• Work request: When you transcribe the lines below, keep every word the same and leave the pictures behind.

• Dataset extract:
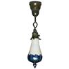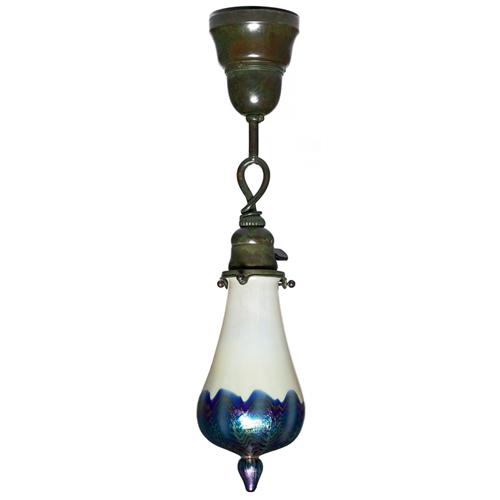 Rare L.C.Tiffany hanging lamp, opalescent favrile glass shade with a pulled iridescent design over blue, signed L.C.T.#C468, held by a bronze ceiling fixture with its original patina,18in.l,very nice, quite unusual
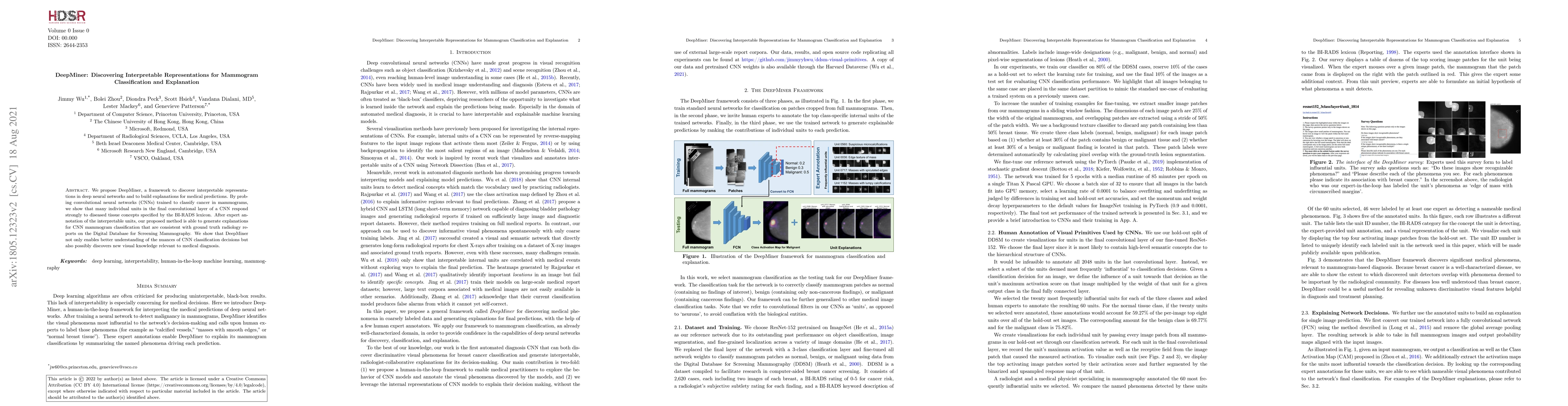 We propose DeepMiner, a framework to discover interpretable representations in deep neural networks and to build explanations for medical predictions. By probing convolutional neural networks (CNNs) trained to classify cancer in mammograms, we show that many individual units in the final convolutional layer of a CNN respond strongly to diseased tissue concepts specified by the BI-RADS lexicon. After expert annotation of the interpretable units, our proposed method is able to generate explanations for CNN mammogram classification that are consistent with ground truth radiology reports on the Digital Database for Screening Mammography. We show that DeepMiner not only enables better understanding of the nuances of CNN classification decisions but also possibly discovers new visual knowledge relevant to medical diagnosis.
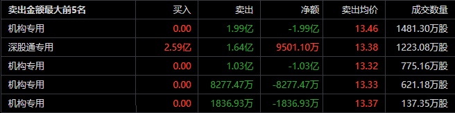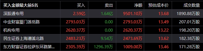 具体来看,今日上榜的营业部中,共有5家机构专用席位现身,即买三、卖一、卖三、卖四、卖五,合计净卖出3.78亿元,深股通为第一大买入营业部及第二大卖出营业部,买入金额为2.59亿元,卖出金额为1.64亿元,合计净买入9501.11万元。

• Result of this task:
 Rare L.C.Tiffany hanging lamp, opalescent favrile glass shade with a pulled iridescent design over blue, signed L.C.T.#C468, held by a bronze ceiling fixture with its original patina,18in.l,very nice, quite unusual
 We propose DeepMiner, a framework to discover interpretable representations in deep neural networks and to build explanations for medical predictions. By probing convolutional neural networks (CNNs) trained to classify cancer in mammograms, we show that many individual units in the final convolutional layer of a CNN respond strongly to diseased tissue concepts specified by the BI-RADS lexicon. After expert annotation of the interpretable units, our proposed method is able to generate explanations for CNN mammogram classification that are consistent with ground truth radiology reports on the Digital Database for Screening Mammography. We show that DeepMiner not only enables better understanding of the nuances of CNN classification decisions but also possibly discovers new visual knowledge relevant to medical diagnosis.
 具体来看,今日上榜的营业部中,共有5家机构专用席位现身,即买三、卖一、卖三、卖四、卖五,合计净卖出3.78亿元,深股通为第一大买入营业部及第二大卖出营业部,买入金额为2.59亿元,卖出金额为1.64亿元,合计净买入9501.11万元。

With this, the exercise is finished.